4th International Workshop on Technology for Education in Developing Countries
July 10-11, 2006
Iringa, Tanzania
http://www.cs.joensuu.fi/tedc2006/index.htm
Sponsored by:
* NEPAD - the New Partnership for Africa's Development
* IEEE Computer Society (approval pending)
* Important Dates:
February 25, 2006: Submissions due
March 25, 2006 - Notification of acceptance
April 12, 2006 - Copyright form submission
April 12, 2006 - final camera-ready manuscript
April 15, 2006 - author registration deadline
The goal of this fourth international workshop is to bring together researchers, and educators to discuss various issues involved in developing new techniques and on novel uses of technology for education in developing countries.
In developing countries, conditions, constraints, and resources differ sharply with industrialized nations, creating special challenges for the technical and educational research communities.
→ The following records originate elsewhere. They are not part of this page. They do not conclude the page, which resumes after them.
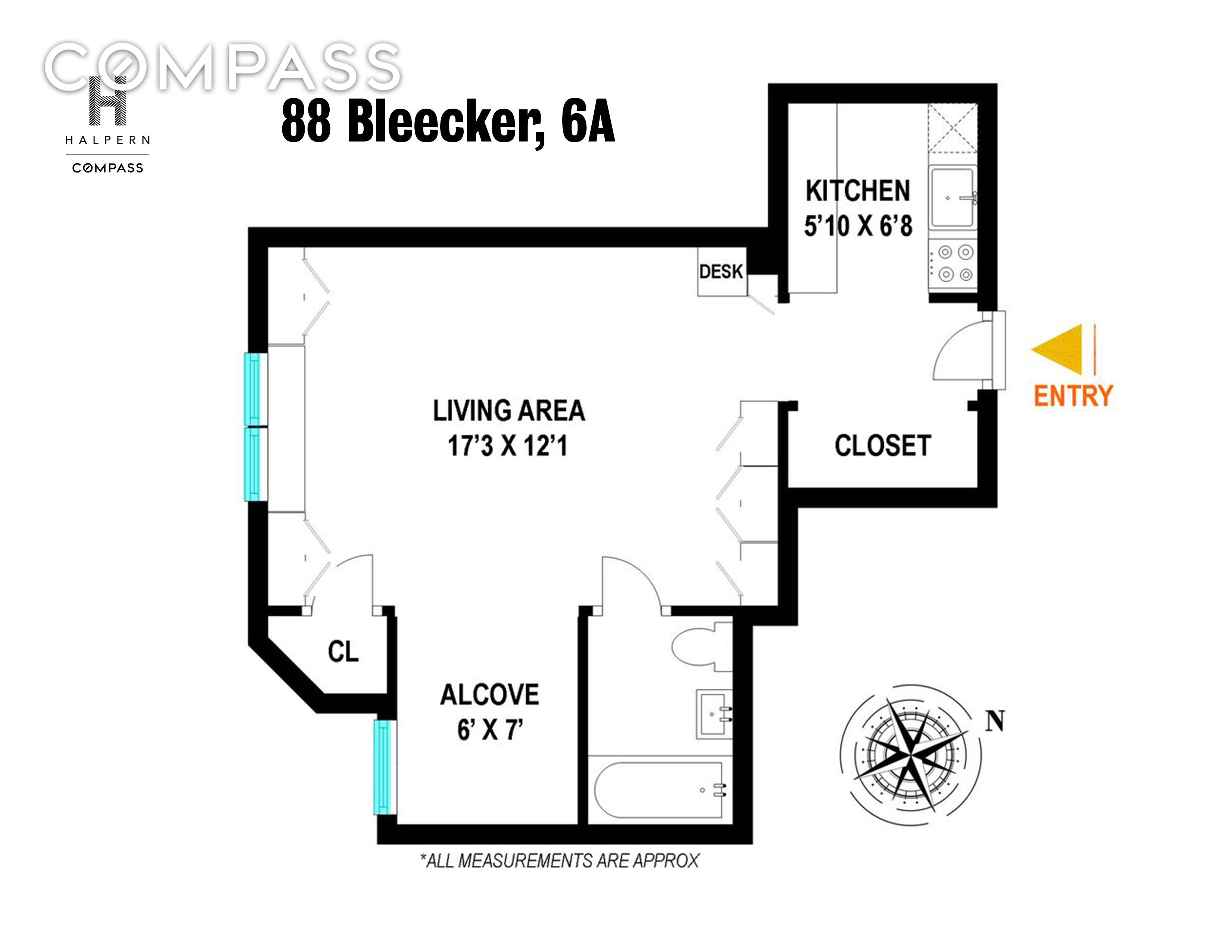 Welcome to Residence 6A, a top-floor penthouse alcove studio at 88 Bleecker Street that nails the balance of space, style, and functionality. Thoughtfully designed and beautifully bright, this home maximizes every inch — with sleek custom built-ins, a roomy entry closet, and a floor-to-ceiling shelving system with hidden drawers for all your city essentials.
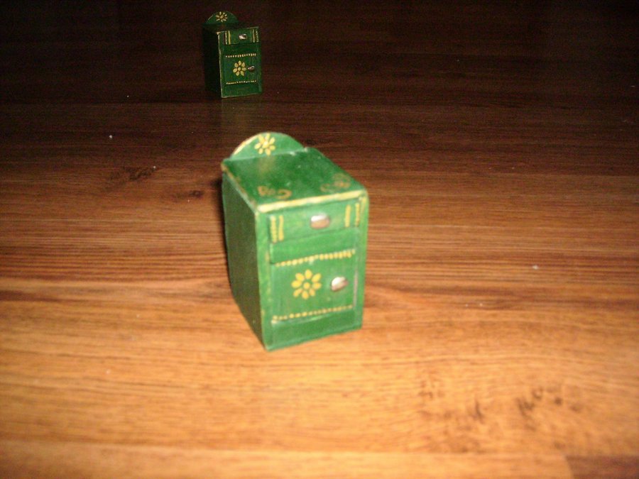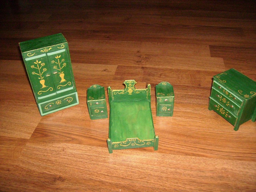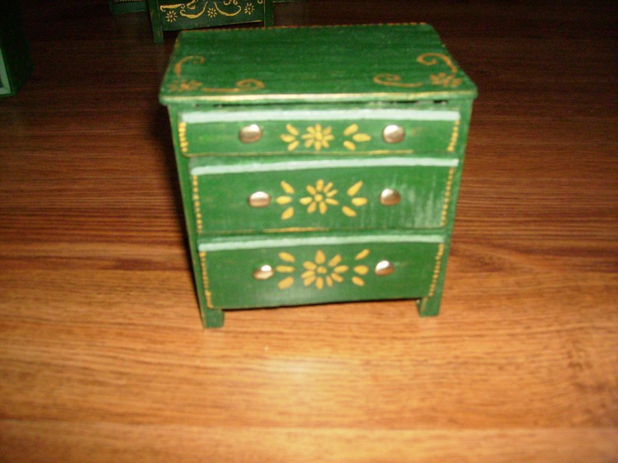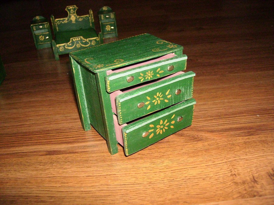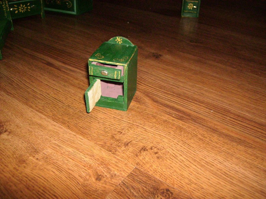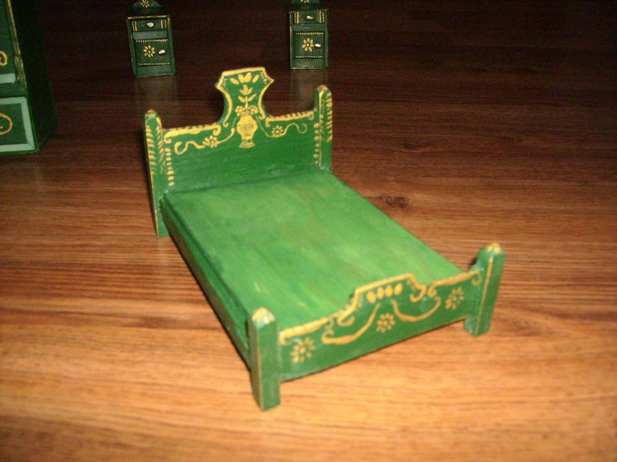 La cama aquí no tiene colchón. Pero cuando la ponga en la casita tendrá su colchón , su juego de sabanas y su colcha. Vista de las mesillas el acabado también es con pintura acrílica verde y detalles en pintura oro a mano alzada. Tanto la puerta como el cajón se abre en ambas mesillas. Vista general de todo el conjunto de dormitorio.
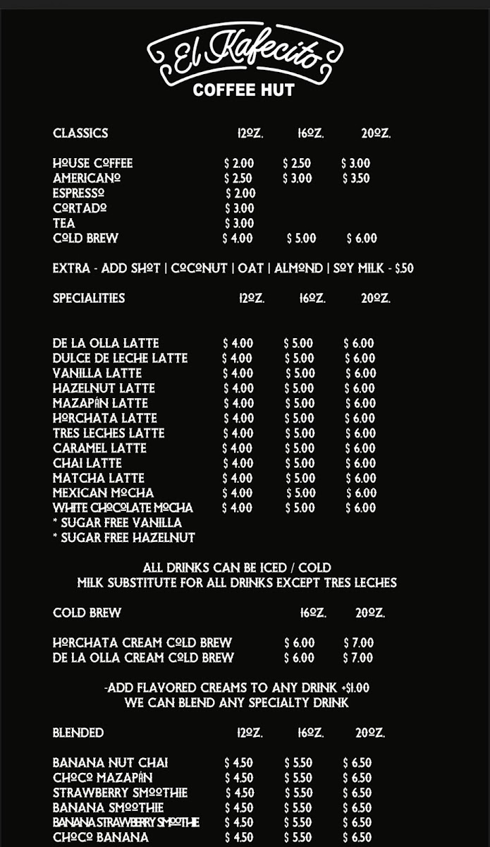 What truly sets El Kafecito apart is its commitment to community and culture. Each sip transports you home, and the warm service adds a personal touch. Whether you're looking for a quick pick-me-up or a cozy spot to unwind, El Kafecito is a destination that satisfies both your taste buds and your heart.
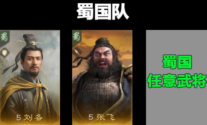 氪佬选择桃园队,成员包含刘备、张飞、关羽,或者刘备加张飞再上任意蜀国输出
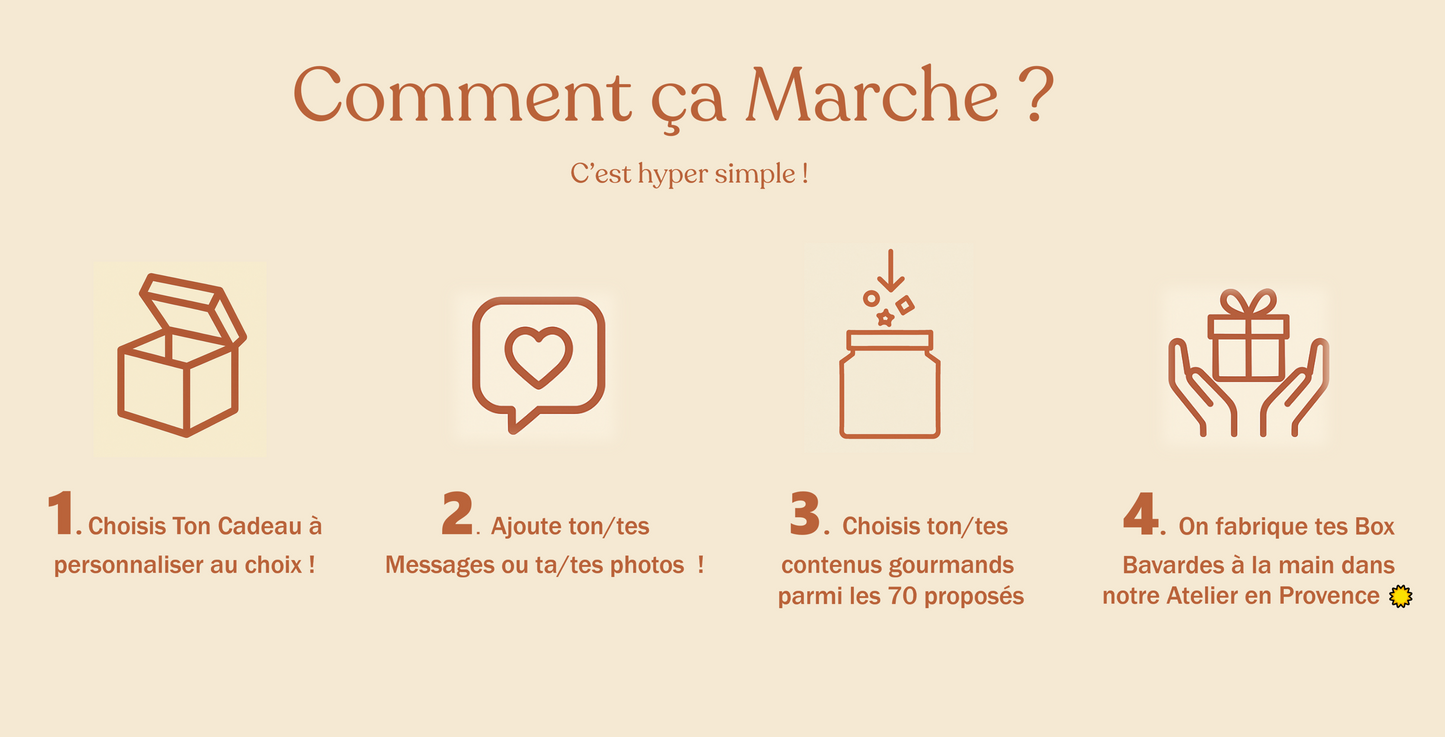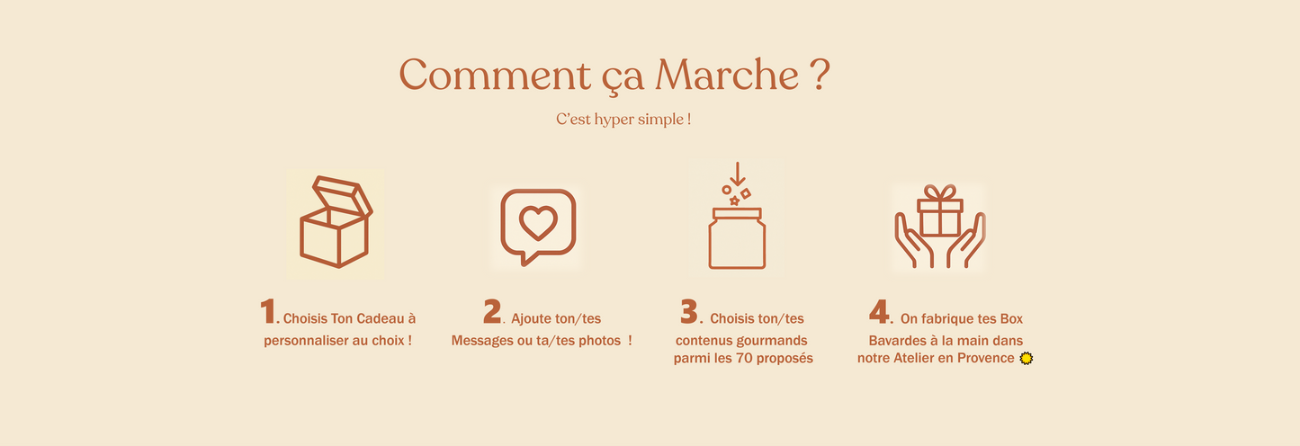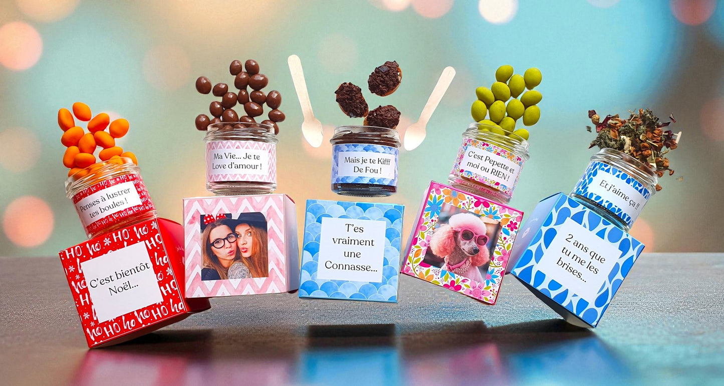 Personnalise ton Petit Pot ou Ta Box Bavarde avec tes messages, tes photos et nos Gourmandises Artisanales !
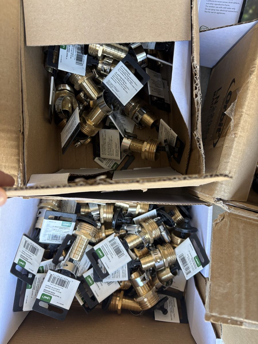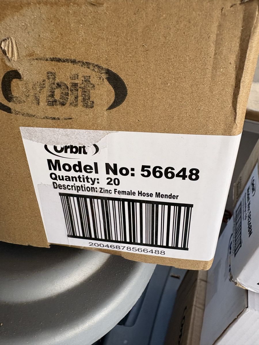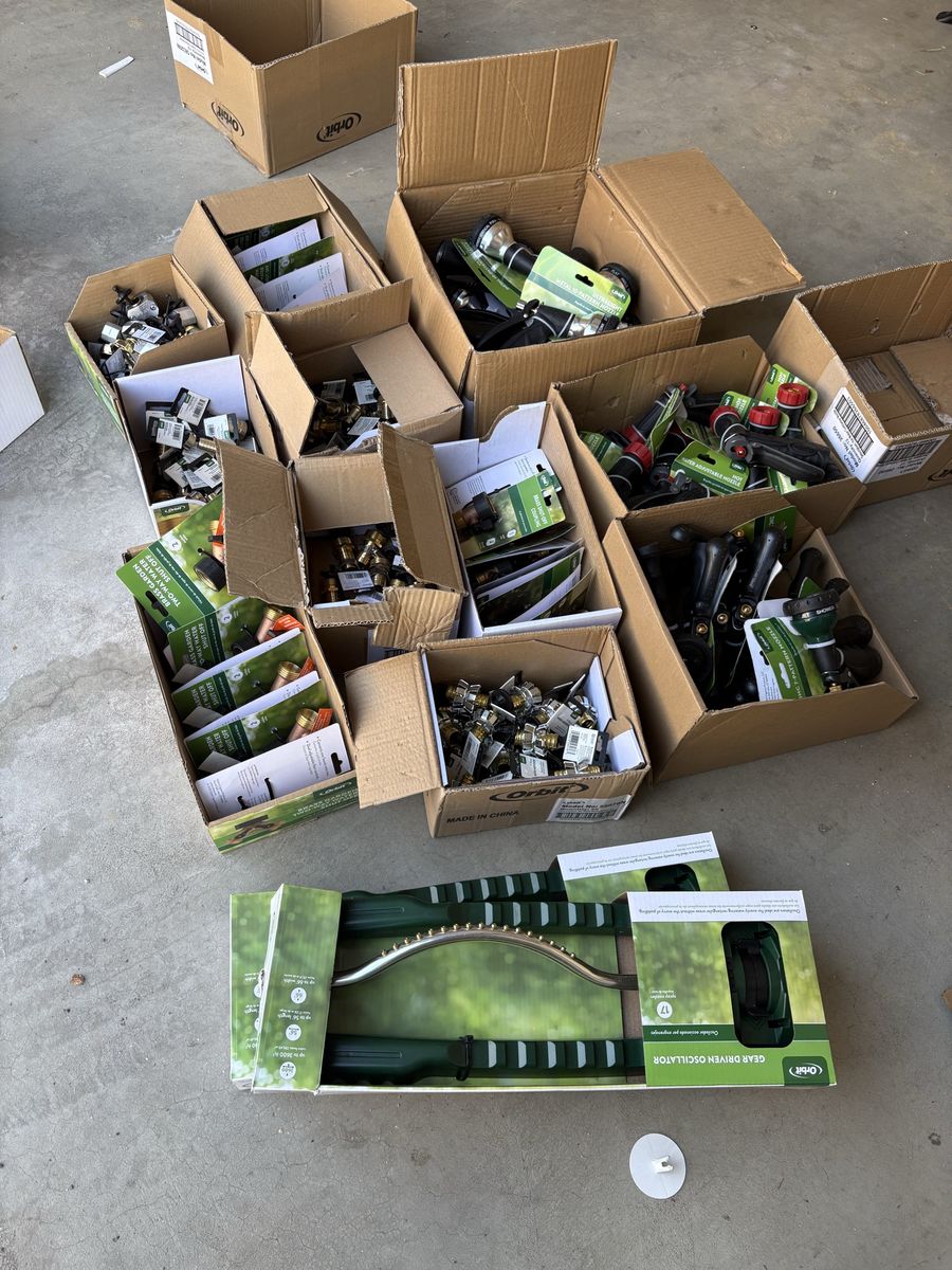 VenmoBoxes of new Orbitz, sprinkler and hose repair parts, spray nozzles, sprinklers, etc…
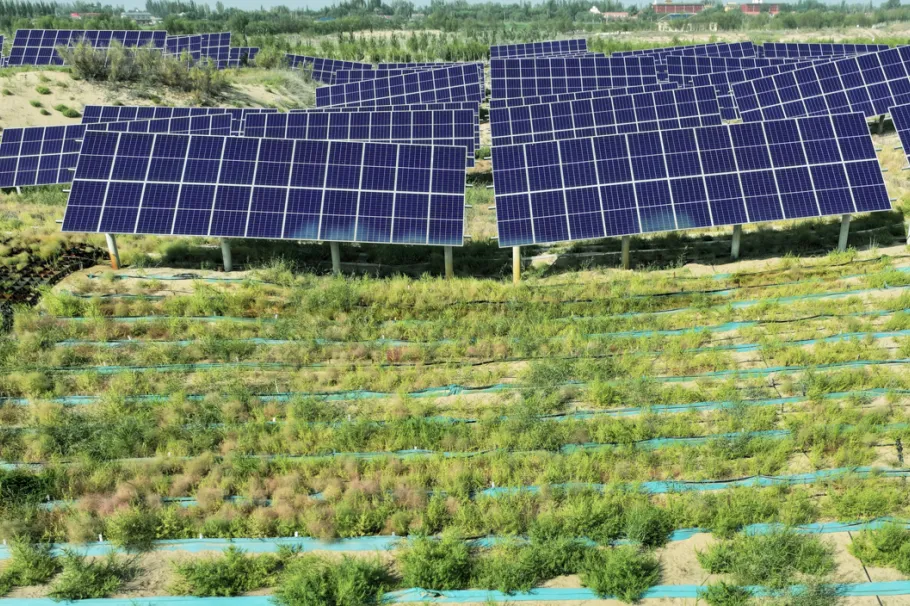 联合华能等新能源企业创新实践立体生态光伏治沙模式

We seek high quality submissions of original unpublished research on all aspects of technology for education in developing countries. Researchers and educators with new perspectives on applications of technology in this context are strongly encouraged to submit their work.
The main topics of the workshop include but are not limited to:
Applications and systems: multimedia applications, adaptive learning environments, open source tools for teaching and learning, databases, data warehousing and data mining for
(mass) education, portals, web tools, asynchronous applications, distributed education
Novel technologies: alternative (low-cost, low-energy) technologies, wireless and mobile learning platforms, information retrieval for slow/unreliable connections, hand-on and hands-in technologies
Learning settings: special education, non-formal education, vocational training and continuous education, literacy applications, ICT education, distance learning
Impact of technology: project deployments, cultural issues in educational development, minority language requirements, cross-language interfaces, human-computer interfaces, cultural usability
Resource sharing: collaborative learning in local environments, human-computer interfaces for resource sharing, teaching resource management, grid computing infrastructures
Evaluation and policy issues: gender issues, universal access, technology as a tool for fighting poverty, cost-benefit analyses, sustainable educational technology, license issues of open source courseware
* Workshop Chairs:
Erkki Sutinen (University of Joensuu,Finland) (sutinen@cs.joensuu.fi)
Henrik Hautop Lund (University of Southern Denmark) (hhl@mip.sdu.dk)
Alejandro Jaimes (Fuji Xerox, Nakai Research Center, Japan) (ajaimes@ee.columbia.edu)
Daby Sow (IBM T. J. Watson Research Center, Hawthorne, NY USA) (sowdaby@us.ibm.com)
Kinshuk (Massey University, Palmerston North, New Zealand) (kinshuk@ieee.org)
* Paper format:
Full papers: 5 pages, Posters: 2 pages
Please see IEEE Computer Society guidelines. Authors can also use Word Template and Format guidelines. Please submit properly formatted PDF files. Papers that do not
adhere to the IEEE guidelines will not be accepted for review.
Review process:
All submissions will be refereed by international experts in double-blind review process on the basis of relevance, originality, significance, soundness and clarity.